Are you a victim of lazy emails?

November 23, 2015

We’re all aware of spam – it goes without saying. But the parameters of what is and what isn’t spam is changing, it seems. The literal onslaught in everyone’s inboxes is certainly affecting cut through. I’m still not sure that if I unsubscribe to one thing I am, in fact, subscribing to another – with my act of unsubscribing from a marketing email landing in my inbox, I’ve effectively proved I am a human being with a pulse, so it seems to keep on coming. Sound familiar? 

An article last week on The Guardian discussed the topic of lazy emails, aptly named ‘Death by spam’. Cory Doctorow, the author of the piece, talked about how, when he was in the desert in Nevada, he was unable to check his mail for some time. When he finally found a WiFi signal, he spent hours and hours sifting through spam to get to the important ones. It frustrated him so much that he decided to begin an anti-spam campaign, of sorts. 

He decided to laboriously unsubscribe by clicking the links at the bottom of the emails – something he’d not done before as he was wary of letting on that these emails had, in fact, reached their destination. 

The surprise came when he realised that almost all of the spam he had received was “legitimate” – it hadn’t been sent by con artists, but by businesses he was actually familiar with or had a relationship with (but had never actually agreed to be on their lists).

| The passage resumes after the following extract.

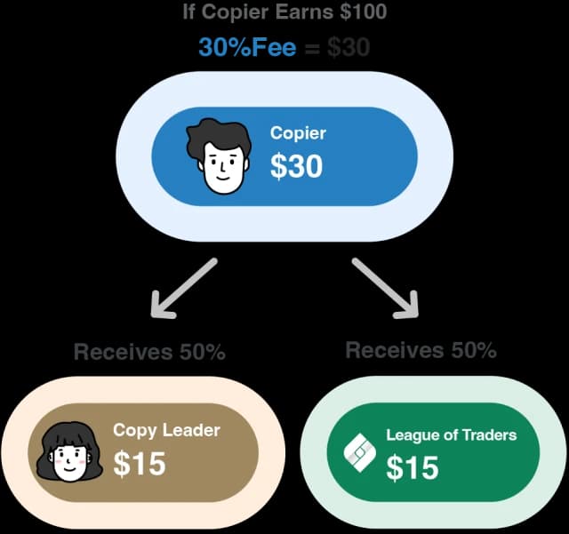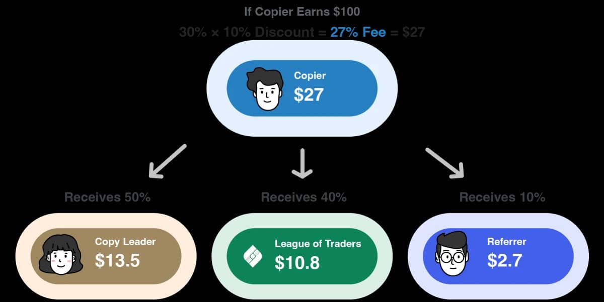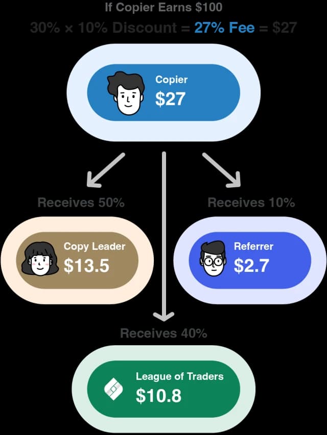 When a user signs up with your referral code and begins Copy Trading, you’ll receive 10% of their Copy Trading fee in your League of Traders wallet!
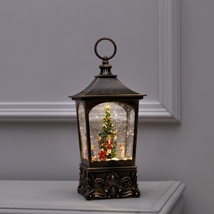 Светодиодная фигура «Фонарь с щелкунчиком» 13.5 × 28.5 × 13.5 см, пластик, батарейки ААх3 (не в комплекте), USB, свечение тёплое белое

“Being legit isn’t a guarantee of good behaviour,” states Doctorow, who goes on to say that some of these companies have “perfected the art of annoyance”. He even says he found it almost funny that some emails he would receive after he’d unsubscribe would ask him whether he did so “in error”.

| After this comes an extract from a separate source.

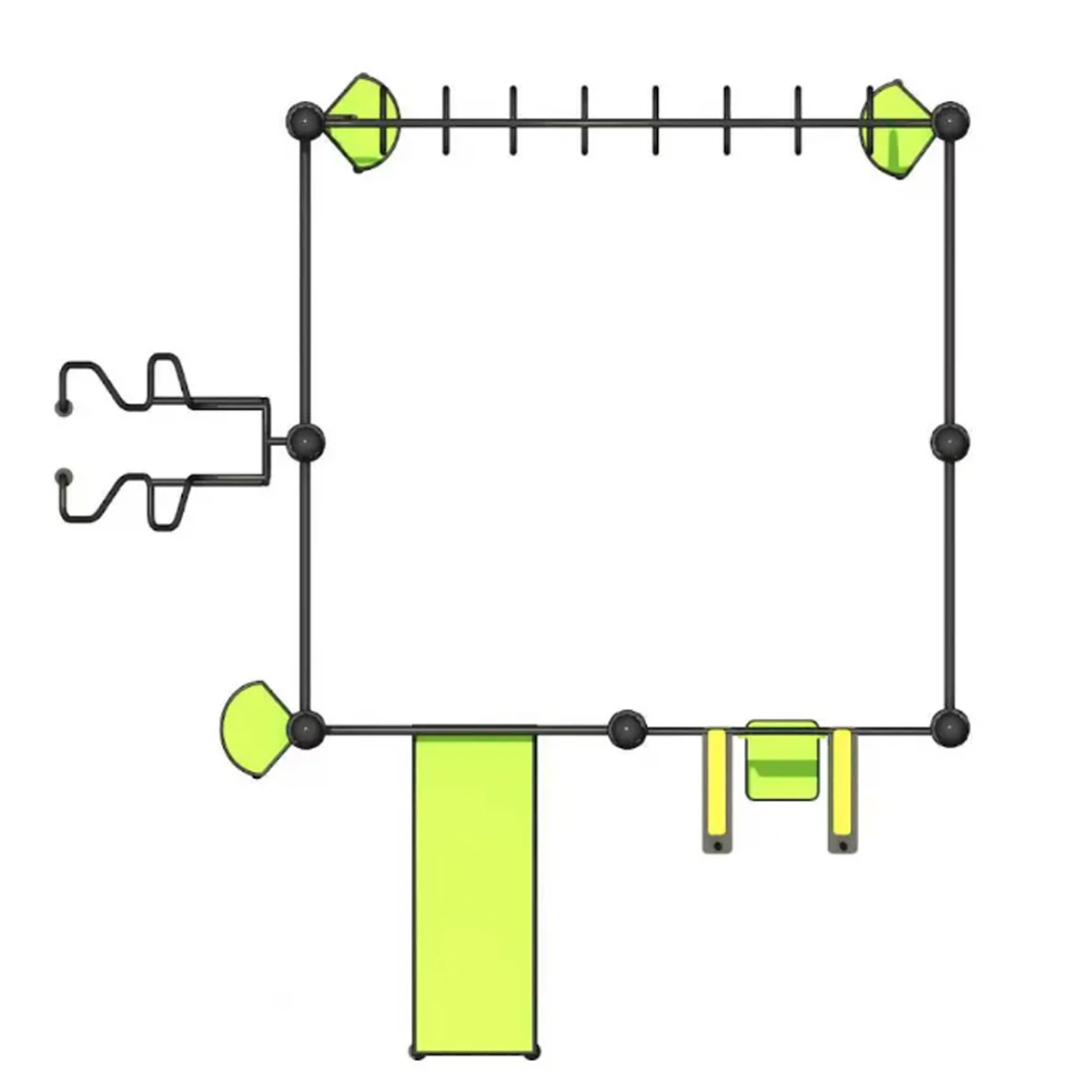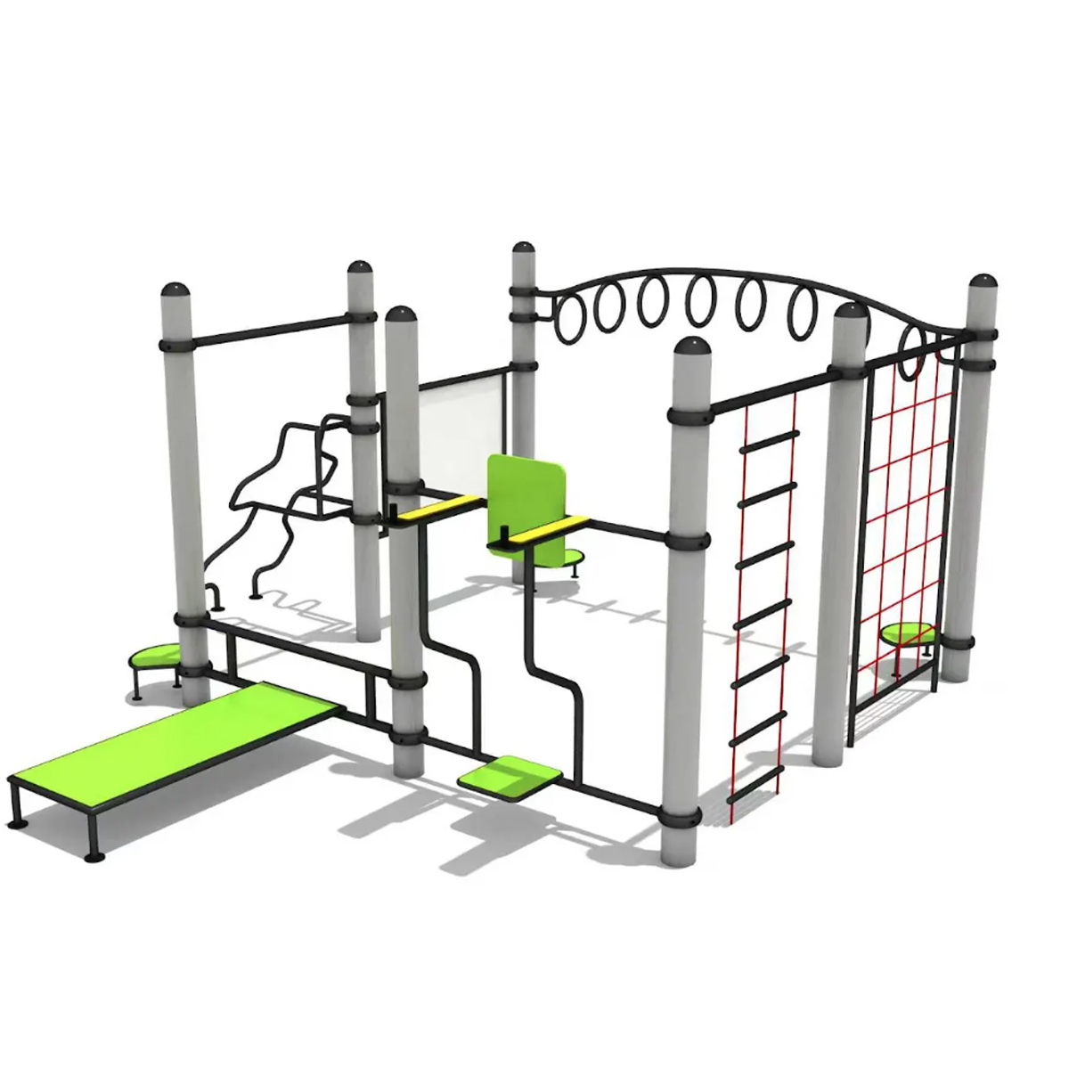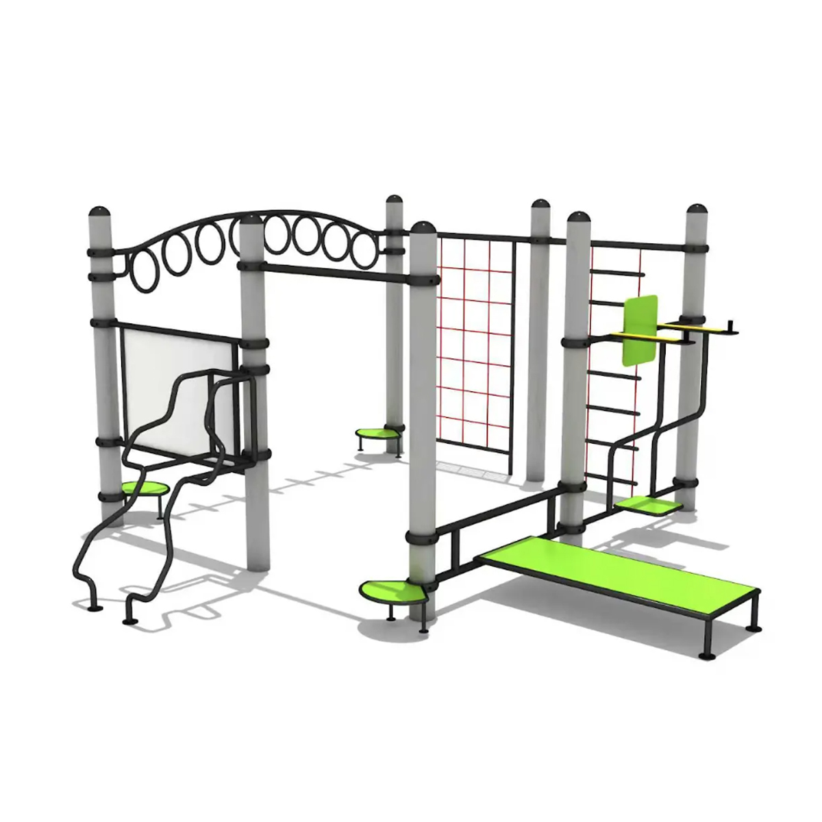 Material: Estructura y postes de acero galvanizado o carbono, con acabado de pintura electrostática para máxima resistencia a la intemperie y corrosión. Componentes plásticos (asientos, plataformas) de polietileno de alta densidad

After his anti-spam efforts, he says he is down to 10% of the spam he received before. Some companies expressed concern/hurt, so he’d carefully explain that, while he would be happy to subscribe to their Twitter or receive personal emails from them, he wasn’t interested in receiving “that sort” of information.

I think what we can learn is that the message, the design and the personalisation (and by this I don’t mean just having my name on it!) is what matters. It’s about giving me the information I want as opposed to blanket messages. We all know that there is targeting and information about me and my online habits available to brands doing it properly, and those that take the time to use the software available – and correctly supply me with relevant information – will get my attention. 

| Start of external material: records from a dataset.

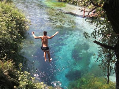 ブル-アイではたくさんの人が泳ぎ、湧き出る泉に飛び込む人も列に並んで待つ状態。
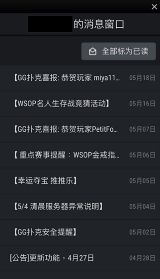 从战绩功能进入后,该功能提供您查询您历史的游戏记录、锦标赛名次,每手牌的游戏记录。
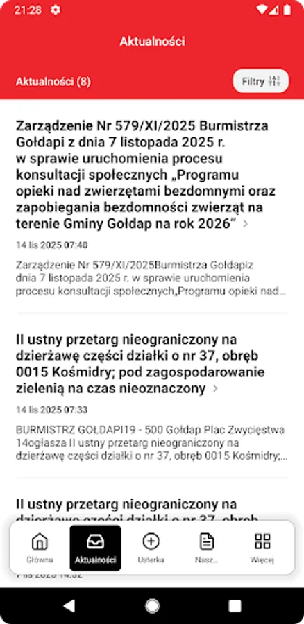The mobile app allows you to receive all messages and threat information sent by the Gołdap Municipal Office. It can also be a valuable source of information about the services provided by its owner.
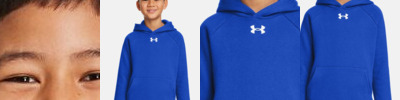 • UA woven label centered on left sleeve hem and UA heat seal center back neck
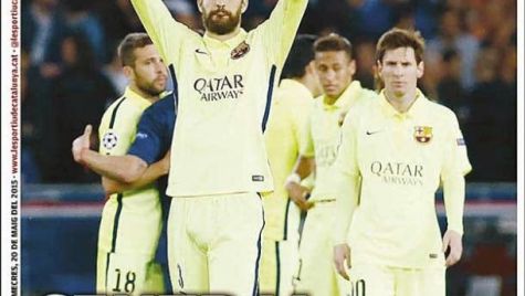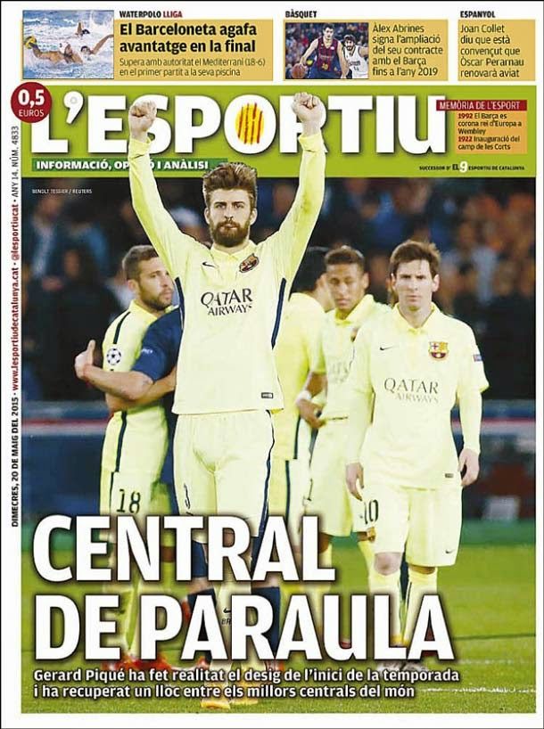 Portada del periódico L´Esportiu, miércoles 20 de mayo de 2015. Gerard Piqué ha hecho realidad el deseo de inicio de temporada y ha recuperado un lugar entre los mejores centrales del mundo.
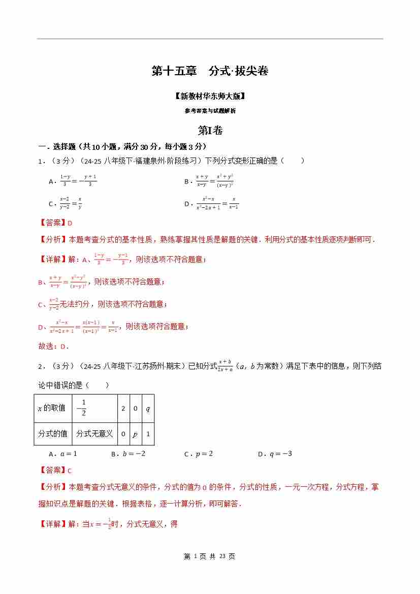 首页 > 全部 > 单元测试 > 第十五章 分式(举一反三单元自测·拔尖卷)数学新教材华东师大版八年级下册(解析版)
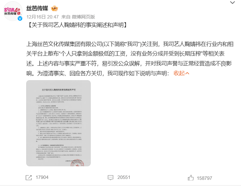 也因此,丝芭传媒也面对揭露其采用“9:1分成”(艺人仅10%)、20年合约被批“内娱缅北条款”等负面反馈。

The problem is that not everyone is using the techniques, time and effort required to get this kind of cut through.  Do you bother to unsubscribe, or do you just delete because of the laborious process of unsubscribing to everything? And if the messages were well thought through and just for you, do you think it would truly make a difference? I am still indifferent, but I’m sure there is a place for non-spammy email marketing – if it’s done properly.